First, build your infrastructure inventory from dependency chains, not service maps. A service map shows you what talks to what during normal operation. A dependency chain shows you what you need to touch anything during abnormal operation. Those are different graphs, and most teams only maintain the first one.

Second, apply monitoring symmetrically. If a server’s failure would require engineer attention, it should have monitoring. The threshold shouldn’t be “does this serve user traffic” but “would this failing make anything harder to fix.” A bastion, a deployment server, an internal DNS resolver, all of these clear that bar easily.
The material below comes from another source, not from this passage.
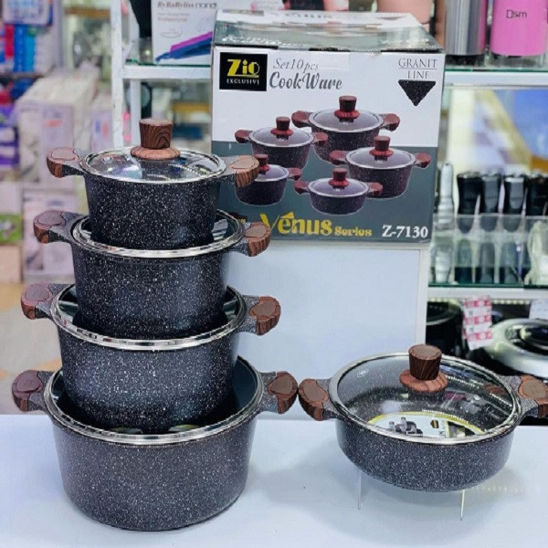 سرویس قابلمه 10 پارچه زیو، یکی از با کیفیت ترین و زیبا ترین سرویس قابلمه های موجود در بازار است. این سرویس چدن-گرانیتی، دارای چهار عدد قابلمه به ابعاد 20،24،28،32 و یک عدد تابه 28 میباشد.دستگیره های این کار باکالیتی و مقاوم به حرارت است. کفه این قابلمه ها اینداکشن و دارای شعله پخش کن است.

Third, treat undocumented infrastructure as a risk that accrues interest. The streaming platform’s bastion was low-risk in year one, when the contractor who built it was still reachable. By year two, it was moderate risk. By the time the incident happened, the knowledge of how it was configured existed in one person’s partial memory. Every month of operating undocumented infrastructure is a month of compounding institutional-knowledge debt.

Fourth, runbooks should cover access failure explicitly. “We cannot reach production” is a scenario. It should have a documented path to resolution that does not depend on any single person’s memory of the network topology.

The streaming platform got lucky in one sense: the failure happened on a Tuesday afternoon with the full team available. The same failure at 2 AM on a holiday weekend, with a junior on-call engineer who had never heard of the bastion host, could easily have been a 12-hour outage. The gap between those two outcomes isn’t technical. It’s organizational.

The server that does nothing is always doing something. Usually, it’s quietly holding the rest of the rack together. The teams that figure this out before an incident are the ones with boring post-mortems.